I’ve been rather hard on Erick Erickson lately, because up until earlier this year he has been among the worst offenders. So it’s a bit rich for him to act as the “principled opposition.” On the other hand, at least he did flip. And when Republican voters needed to hear a particular thing, he tried to tell it.
What I still haven’t seen, except from Sykes above, is any indication that 2016 followed 2015, which followed 2014 and especially 2013. And that these things are related.
William Roper: So, now you give the Devil the benefit of law!
Sir Thomas More: Yes! What would you do? Cut a great road through the law to get after the Devil?
William Roper: Yes, I’d cut down every law in England to do that!

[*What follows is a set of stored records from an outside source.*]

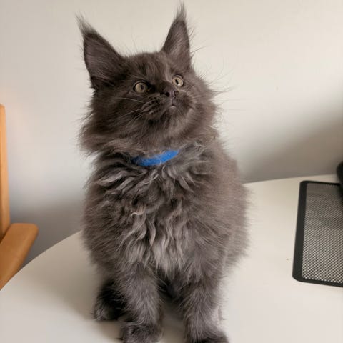 Här finns en mysig och lekfull Maine Coon-blandning, hane, som söker sitt nya kärleksfulla hem.
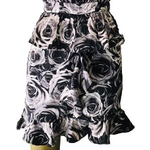 This is a beautiful roses print ruffle dress by Kate Young for Target size 2. Fabric is 100% polyester, machine-washable, and dress is fully-lined. Item has back-zip closure and rhinestone button at back of neck. Beautiful ruffled peplum and front ruffle detailing. Approximate measurements are 34 inches at bust, 26 inches at waist, 36 inches at hips, 36 inches in length. Pretty gathered detailing at front collar. Item sold in gently-used condition.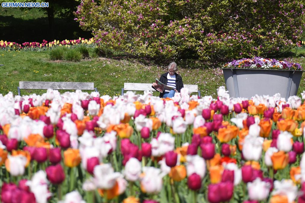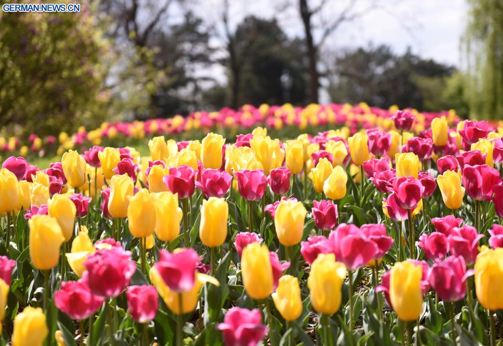 WIEN, 22. April 2026 (Xinhuanet) -- Das Foto zeigt blühende Tulpen in einem Park in Wien, Österreich, 22. April 2026. (Foto von Han Lu/Xinhua)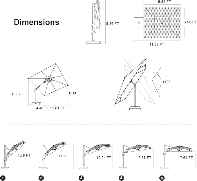 - Upgraded Swivel Function: This deck umbrella features a 360° rotation, a canopy that tilts left and right, and 6 adjustable positions to deliver optimal shade from every angle. Enjoy all-day comfort and a perfect outdoor experience.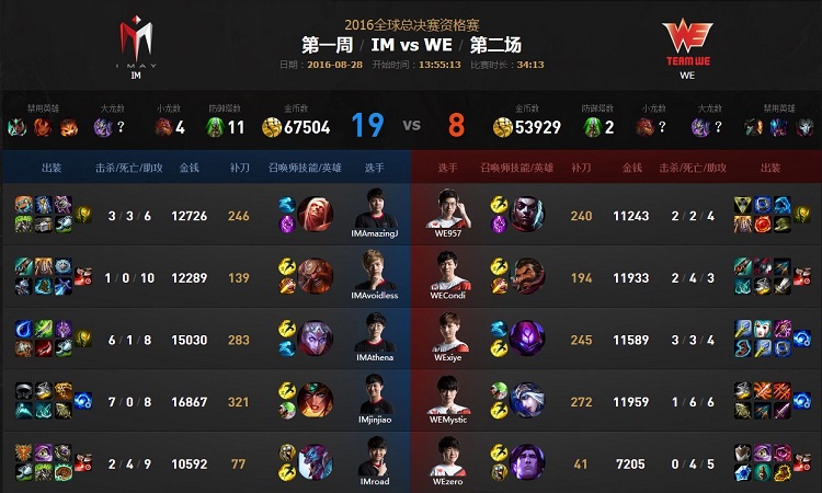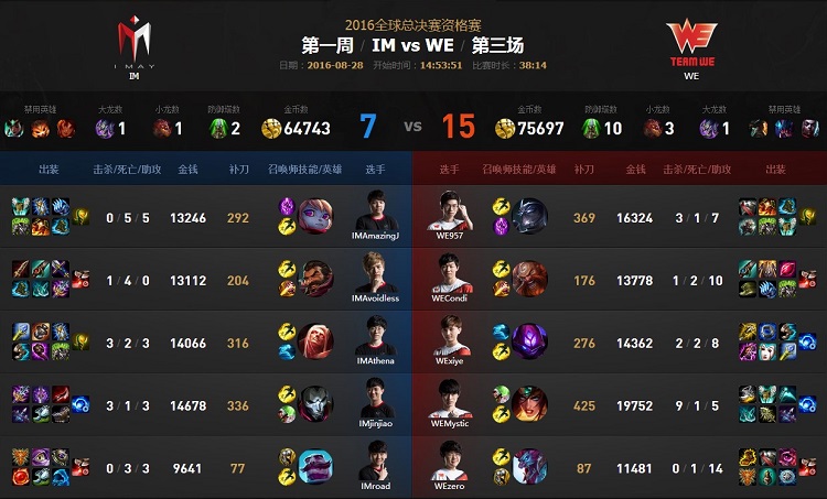 但WE战队依然凭借烬的大招打出1500的暴击秒掉轮子妈抢下大龙,并打的对方一波小团灭。但在之后的上高被IM上单泰坦绕后,击杀辛德拉。WE战队输出不足,面对轮子妈的爆炸输出无可奈何。最终IM战队一波直接拆掉基地,取得S6总决赛最后一张门票。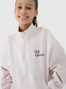 Z przodu otwarta kieszeń kangurka. Wkładana przez głowę. Obniżone opadające rękawy dodają swobody. Dół z szerokim ściągaczem. Bluza bez kaptura 4F dziewczęca - CECHY: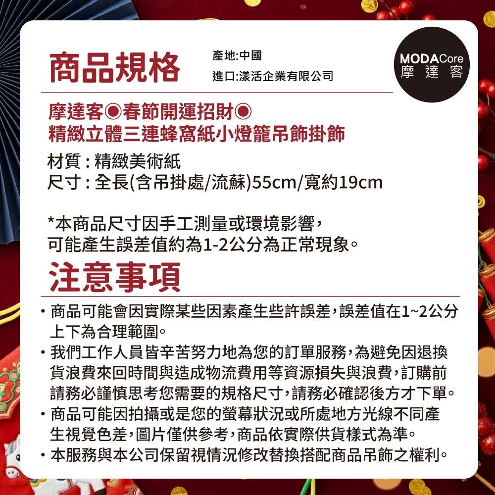 摩達客◉春節開運招財◉精緻立體三連蜂窩紙小燈籠吊飾掛飾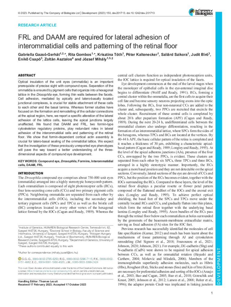 2023. Published by The Company of Biologists Ltd | Development (2023) 150, dev201713. doi:10.1242/dev.201713RESEARCH ARTICLEFRL and DAAM are required for lateral adhesion of interommatidial cells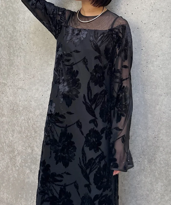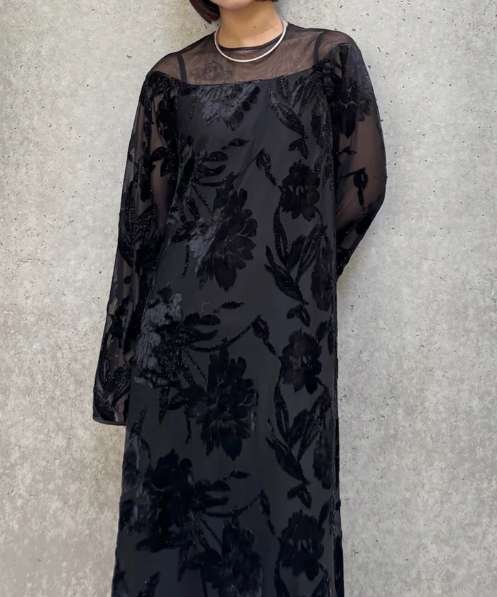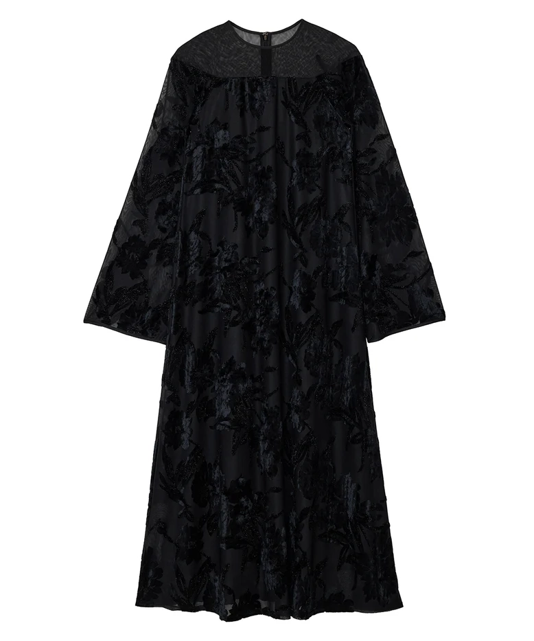 「SHEER JACQUARD A LINE DRESS」は、透け感のあるオパール素材を使用したAラインシルエットのドレスです。柄部分はベロアタッチになっており、季節感のある質感と立体的な表情を演出。肩のシアー切り替えが抜け感をつくりながらも、全体を上品にまとめています。光沢感とストレッチ性のある生地は動きやすさも◎。幅広いオケージョンシーンで活躍が期待できる1着です。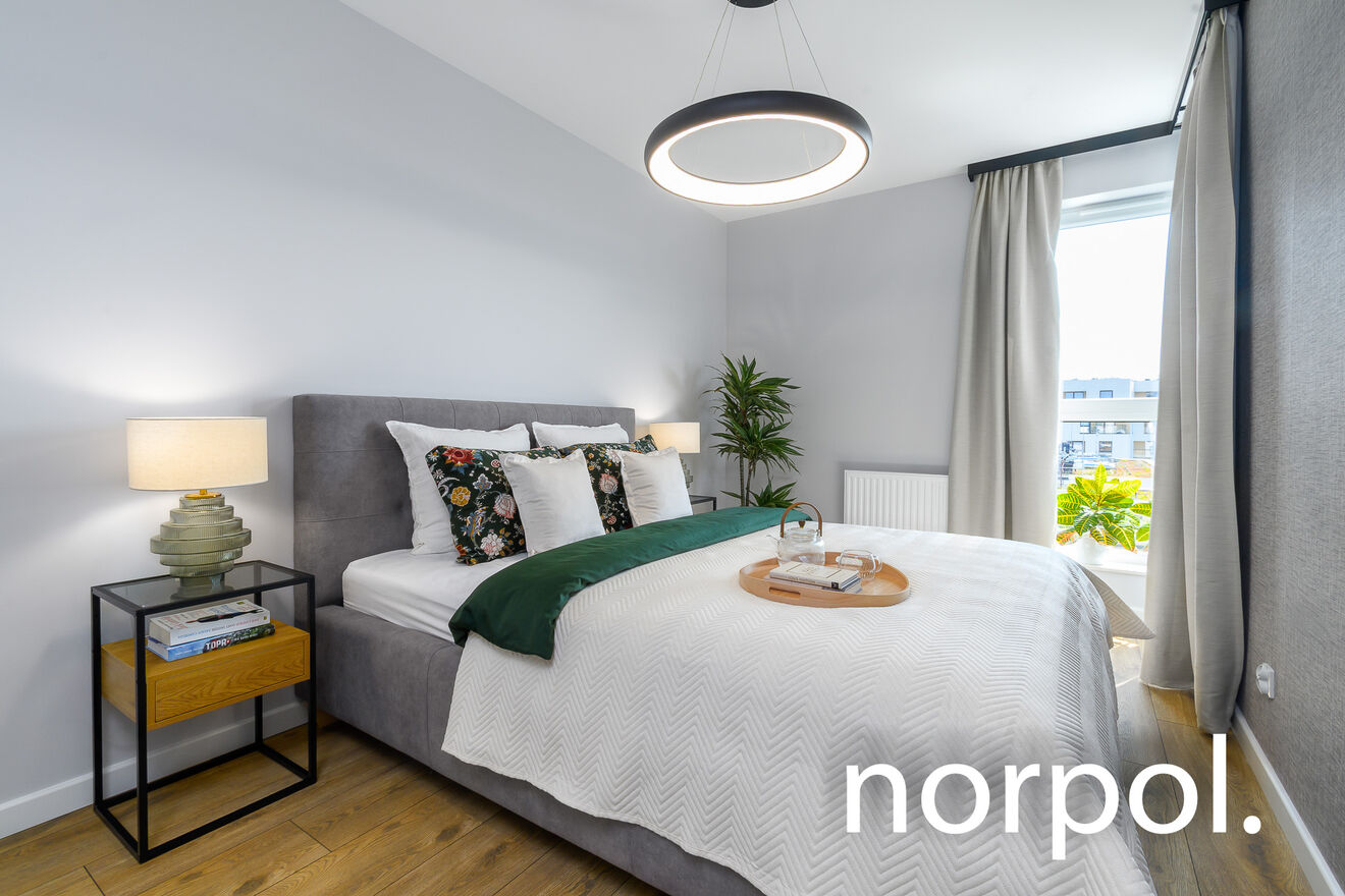 Wnętrze zostało wykończone z dużą dbałością o detale oraz przy użyciu materiałów wysokiej jakości. Dominują stonowane kolory inspirowane naturą, które tworzą spójną i elegancką całość. Na ścianach zastosowano gładzie oraz farby lateksowe, uzupełnione stylowymi tapetami renomowanych producentów. Podłogi w części dziennej i sypialni wykończono trwałymi panelami o wysokiej klasie ścieralności, natomiast w strefie wejścia i kuchni zastosowano wielkoformatowe płytki w jasnej, marmurowej stylistyce.

Sir Thomas More: Oh? And when the last law was down, and the Devil turned ’round on you, where would you hide, Roper, the laws all being flat? This country is planted thick with laws, from coast to coast, Man’s laws, not God’s! And if you cut them down, and you’re just the man to do it, do you really think you could stand upright in the winds that would blow then? Yes, I’d give the Devil benefit of law, for my own safety’s sake!